TASK TO COMPLETE |
Go to the line containing "Aeropostale Women’s Quilted" and retype it and every later line exactly as written, up to the last line of the entries. Keep pictures out.
>>
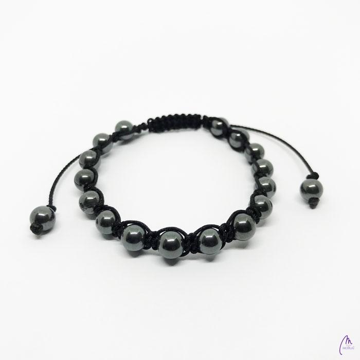 Unisex-Armband aus der Macrame-Kollektion, hergestellt aus Hämatit. Das Armband ist flexibel und leicht zu tragen.
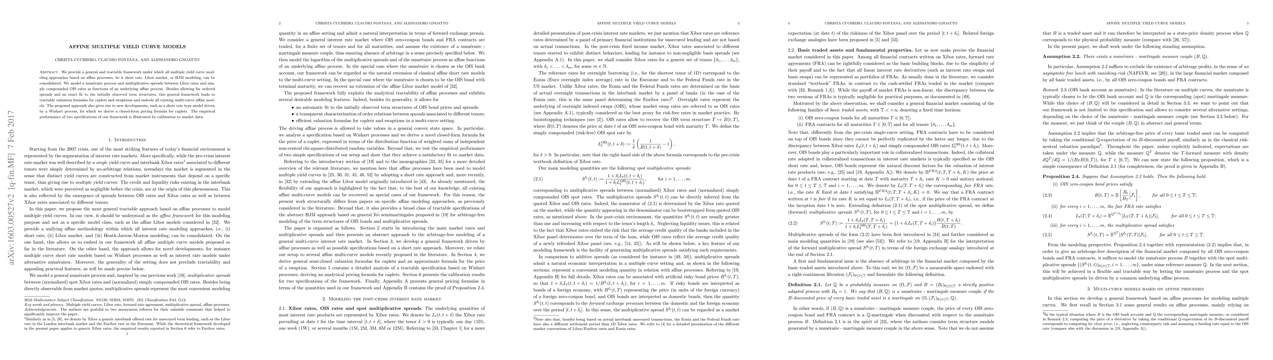 This paper presents a unified framework for multiple yield curve models based on affine processes, consolidating various approaches and enabling tractable valuation of derivatives like caplets and swaptions. The framework also introduces a new short rate model driven by a Wishart process with a closed-form caplet pricing formula, and demonstrates empirical effectiveness through market data calibration.
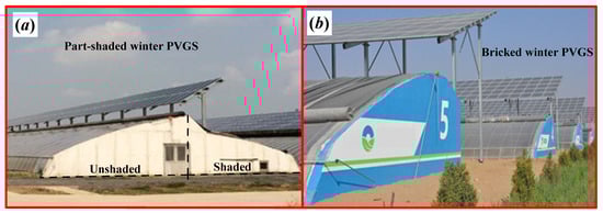 Photovoltaic cells arranged on the north wall of CSG: (a) part-shaded winter PVGs; (b) bricked winter PVGs.
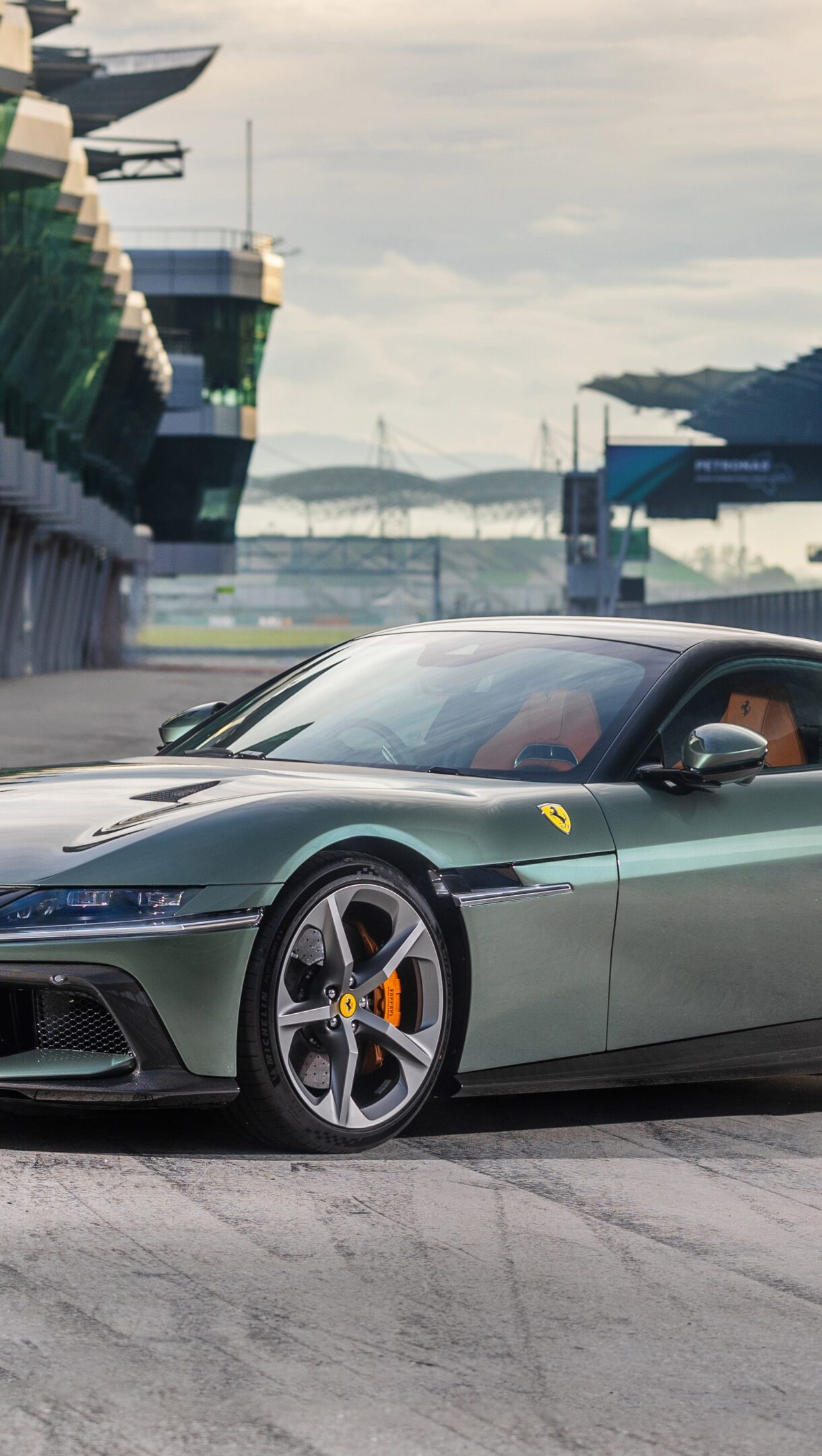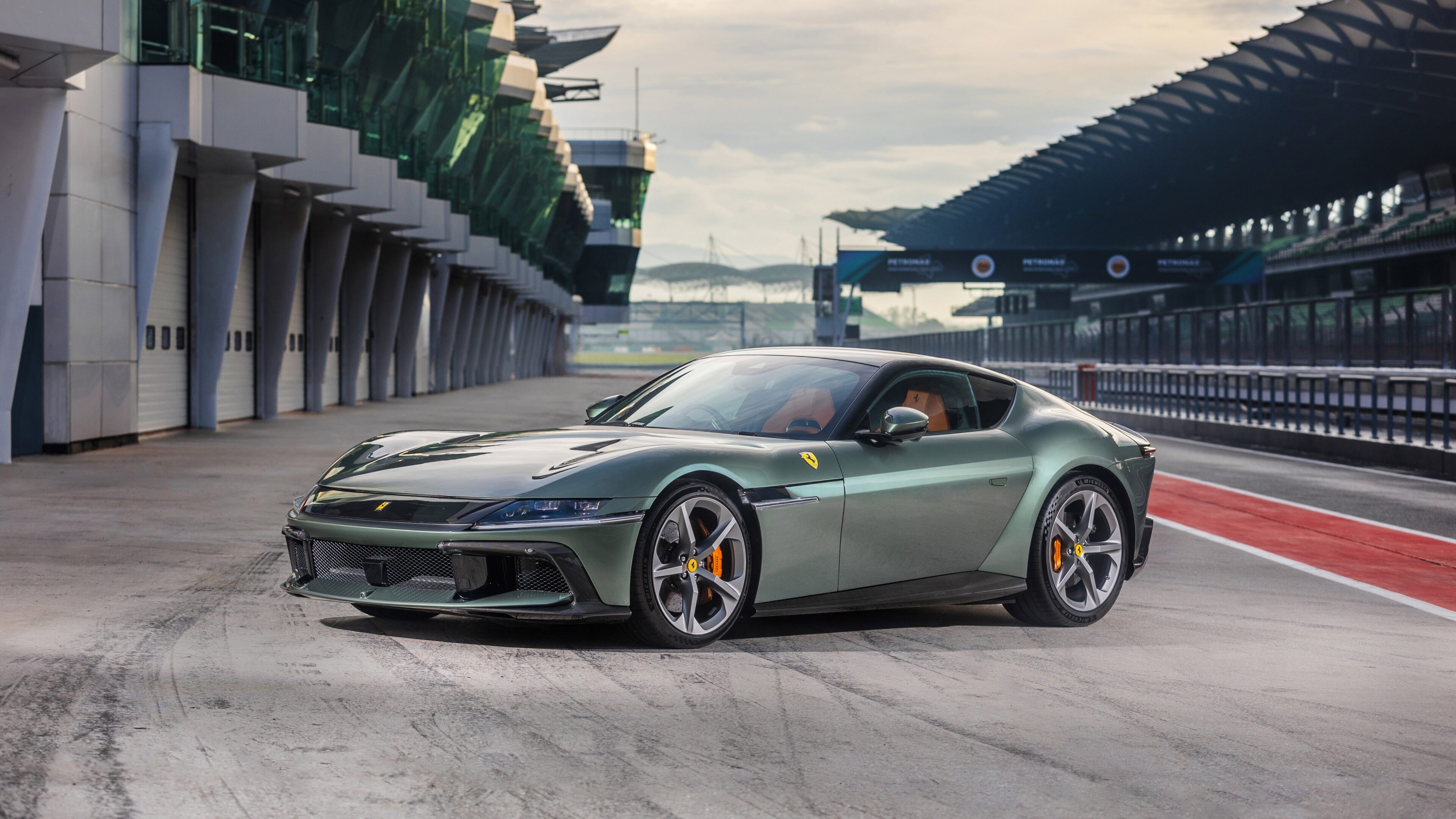 A stunning 4K wallpaper featuring the Ferrari 12Cilindri in Malaysia, showcasing its sleek design and powerful presence. The high-resolution image captures the car against a scenic backdrop, perfect for automotive enthusiasts.
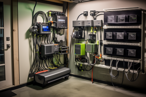 Unique charging station inside the garage of a house, battery system, result photo from the side --v 5.2 --style raw --ar 3:2
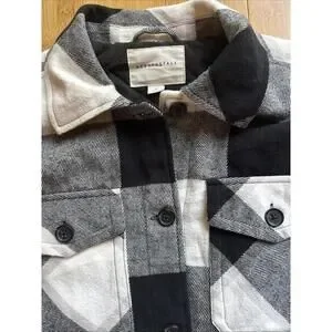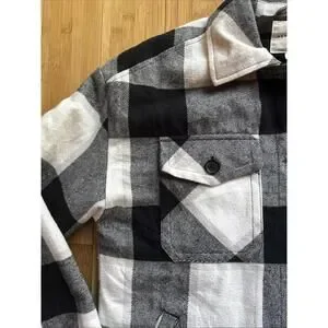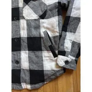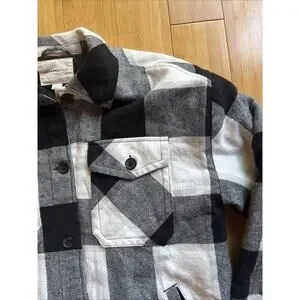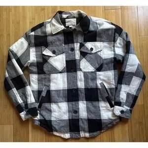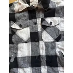 Aeropostale Women’s Quilted Flannel Shirt Jacket Small Black White Plaid Shacket
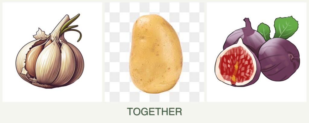 - Growth Requirements: Garlic and potatoes have similar growing seasons and conditions, thriving in cooler temperatures. In contrast, figs prefer warm climates and have different seasonal needs.
<<
EXPECTED OUTPUT |
 Aeropostale Women’s Quilted Flannel Shirt Jacket Small Black White Plaid Shacket
 - Growth Requirements: Garlic and potatoes have similar growing seasons and conditions, thriving in cooler temperatures. In contrast, figs prefer warm climates and have different seasonal needs.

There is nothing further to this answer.